Diff4Splat: Controllable 4D Scene Generation with Latent Dynamic Reconstruction Models (2511.00503v1)

Published 1 Nov 2025 in cs.CV

Abstract: We introduce Diff4Splat, a feed-forward method that synthesizes controllable and explicit 4D scenes from a single image. Our approach unifies the generative priors of video diffusion models with geometry and motion constraints learned from large-scale 4D datasets. Given a single input image, a camera trajectory, and an optional text prompt, Diff4Splat directly predicts a deformable 3D Gaussian field that encodes appearance, geometry, and motion, all in a single forward pass, without test-time optimization or post-hoc refinement. At the core of our framework lies a video latent transformer, which augments video diffusion models to jointly capture spatio-temporal dependencies and predict time-varying 3D Gaussian primitives. Training is guided by objectives on appearance fidelity, geometric accuracy, and motion consistency, enabling Diff4Splat to synthesize high-quality 4D scenes in 30 seconds.
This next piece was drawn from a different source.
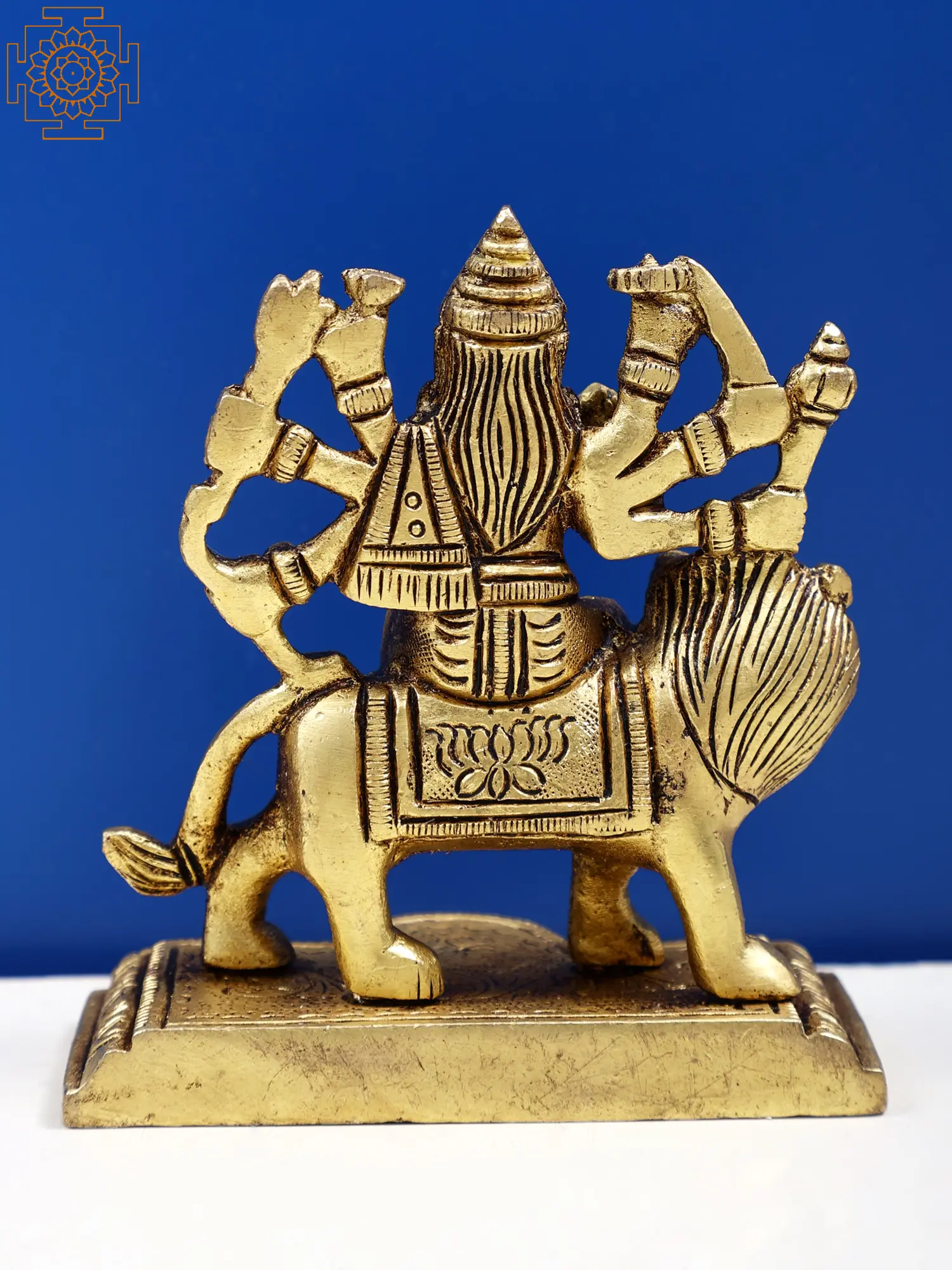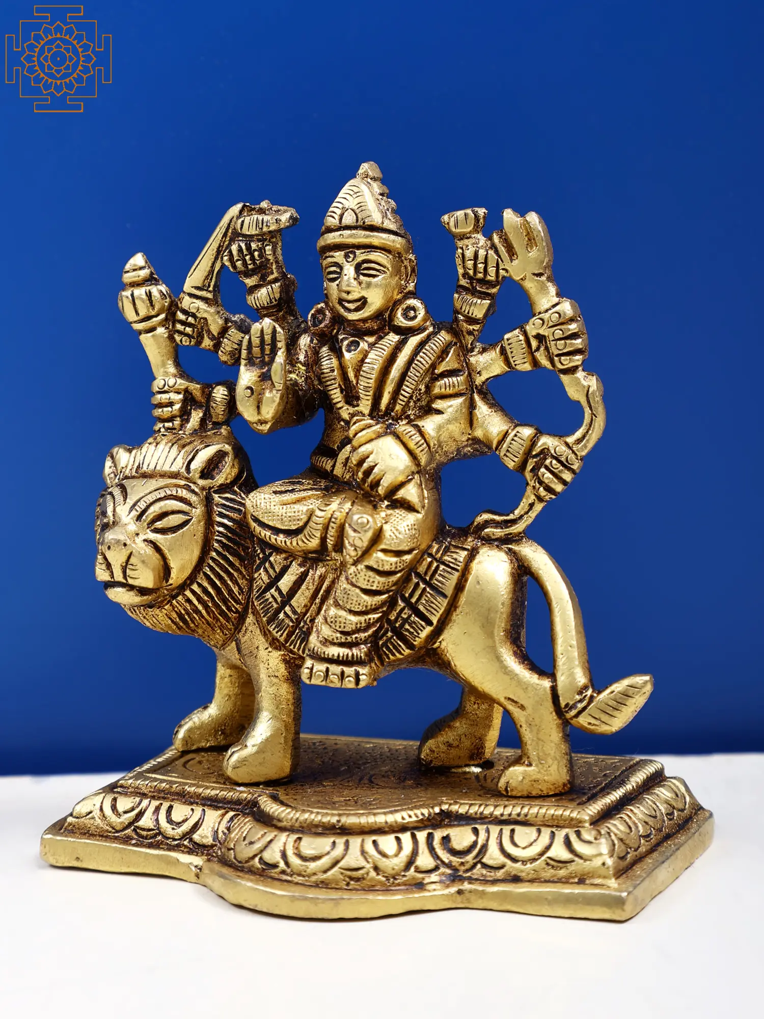 This roopa of the great Hindu mother goddess Ashtabhuja Maa Durga is invoked by her followers to provide total protection from all visible and invisible foes. The eight-armed mother is depicted in this small brass statue seated on her Simha, or lion. She is elegantly dressed, wearing a saree, and sporting an affectionate smile on her divine visage.

We demonstrate the effectiveness of Diff4Splatacross video generation, novel view synthesis, and geometry extraction, where it matches or surpasses optimization-based methods for dynamic scene synthesis while being significantly more efficient.

Summary

The paper introduces a diffusion-based latent dynamic reconstruction model that efficiently generates deformable 3D Gaussian fields from a single image.
It integrates camera conditions and motion losses, achieving superior video synthesis metrics and significantly reducing reconstruction time.
The method enables unified video generation, novel view synthesis, and geometry extraction in a single forward pass, advancing 4D scene generation.

Diff4Splat: Controllable 4D Scene Generation with Latent Dynamic Reconstruction Models

Introduction

The paper "Diff4Splat: Controllable 4D Scene Generation with Latent Dynamic Reconstruction Models" introduces a novel approach for generating 4D scenes from a single image using a diffusion-based method. This approach aims to address the limitations of existing monocular 4D reconstruction methods, which often suffer from extensive optimization requirements or lack of flexibility. Diff4Splat unifies video diffusion models with geometry and motion constraints to efficiently predict a deformable 3D Gaussian field directly from a single image input. The resulting framework is capable of handling video generation, novel view synthesis, and geometry extraction in a single forward pass, significantly surpassing existing methods in both quality and efficiency.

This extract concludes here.